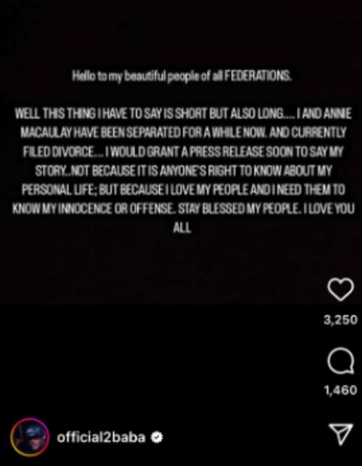 Well this thing I have to say is short but also long. I and Annie Macaulay have been separated for a while now. And currently filed divorce. I would grant a press release soon to say my story. Not because it is anyone's right to know about my personal life; but because I love my people and need them to know my innocence or offense. Stay blessed my people. I love you all.
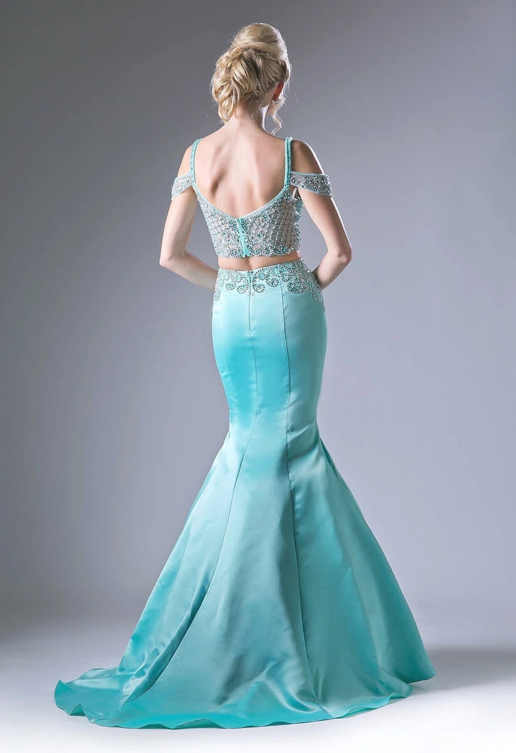 Look unforgettable in this long cold shoulder two piece mermaid dress by Cinderella Divine P209.
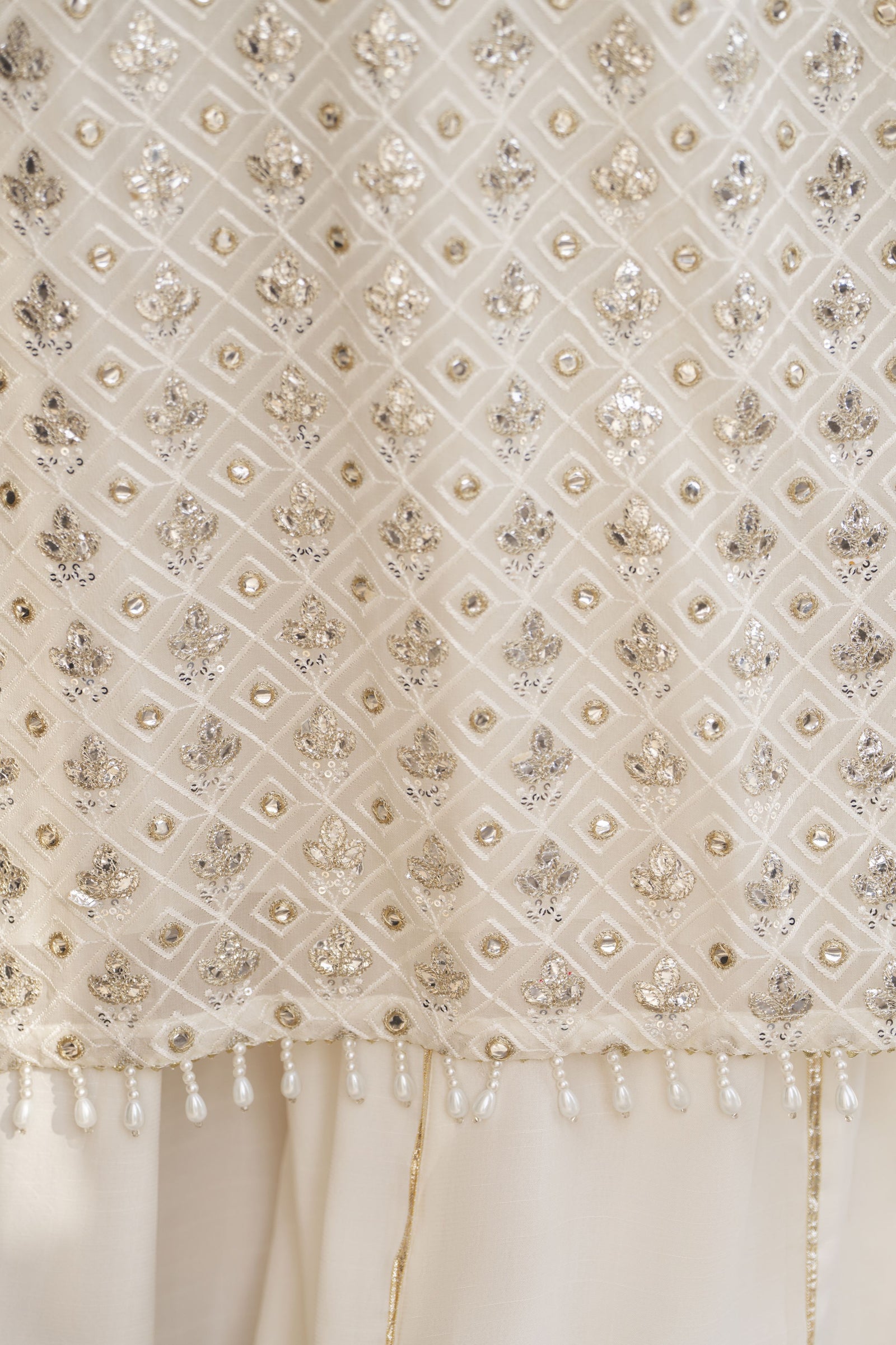 Chiffon embroidered shirt with detailed handwork & foil accents
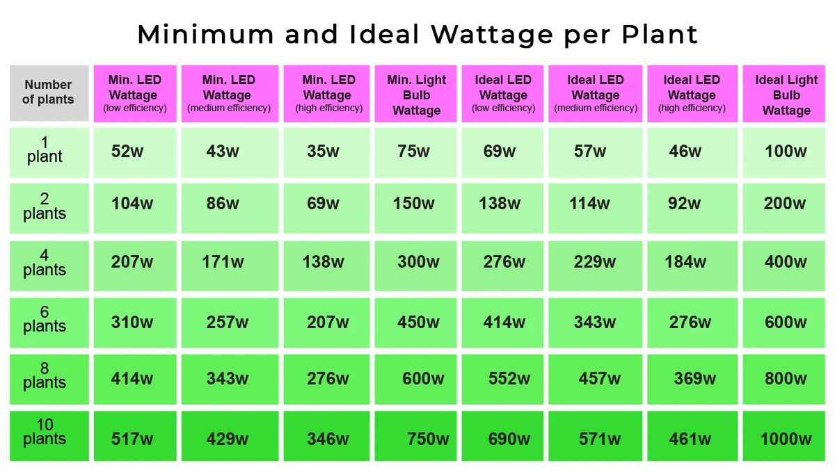 A pesar de que los LED sean más eficientes, hay que proporcionar al menos la potencia mínima necesaria para que las plantas se desarrollen correctamente. Si no quieres gastar demasiado, puedes conformarte con proporcionar la potencia mínima de LED (o el equivalente para bombillas) por planta que se indica a continuación, pero para obtener los mejores resultados se recomienda proporcionar la potencia ideal.
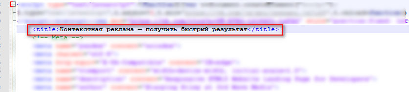 Если у вас самописный сайт, придется вписывать код руками. Для этого открываем код страницы в удобном для вас HTML-редакторе. Находим тег <title></title>. Вписываем текст для тега.
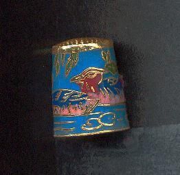 Blue enamelled thimble with all-over design of ducks, water lillies , pond in red, black blue with gold outlines. Side seamed. Knurling on separate gold top.
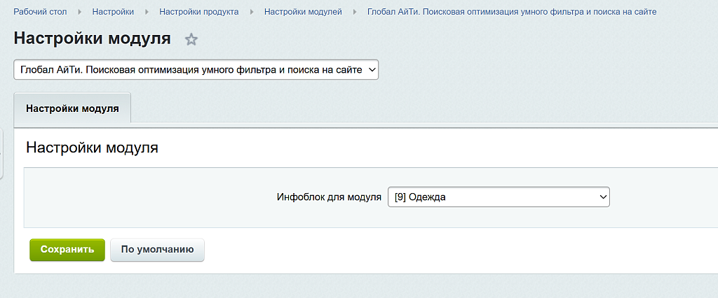 Глобал АйТи. Поисковая оптимизация умного фильтра и поиска на сайте — модуль для 1С-Битрикс, который позволяет задавать индивидуальные заголовки, описания и метаданные для страниц умного фильтра и результатов поиска, используя стандартные разделы каталога.
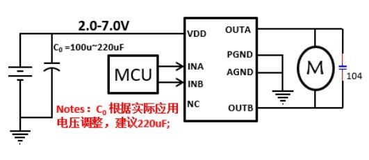 SA8301A具有一个PWM(INA/INB)输入接口,支持与行业标准器件兼容。
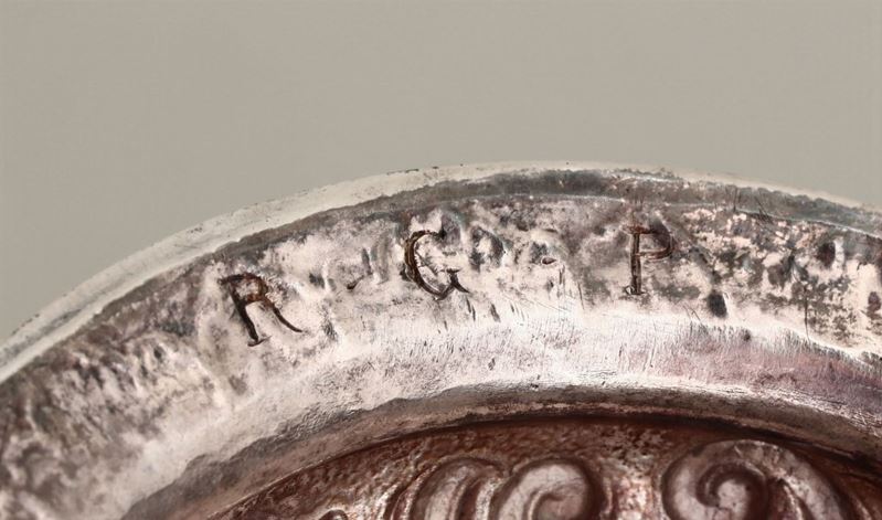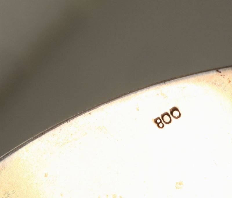 Embossed and chiselled silver. Undated Torretta stamp and mark 800 on the paten (not coeval). Chalice H 22cm and 360gr, paten (20th century) 125gr, diam 15cm

********************

== EXERCISE GOAL ==
Word for word, reproduce each line from the one with "Глобал АйТи. Поисковая" through the last line of the material above, both included, and drop the pictures.

== RESULT OF THE TASK ==
 Глобал АйТи. Поисковая оптимизация умного фильтра и поиска на сайте — модуль для 1С-Битрикс, который позволяет задавать индивидуальные заголовки, описания и метаданные для страниц умного фильтра и результатов поиска, используя стандартные разделы каталога.
 SA8301A具有一个PWM(INA/INB)输入接口,支持与行业标准器件兼容。
 Embossed and chiselled silver. Undated Torretta stamp and mark 800 on the paten (not coeval). Chalice H 22cm and 360gr, paten (20th century) 125gr, diam 15cm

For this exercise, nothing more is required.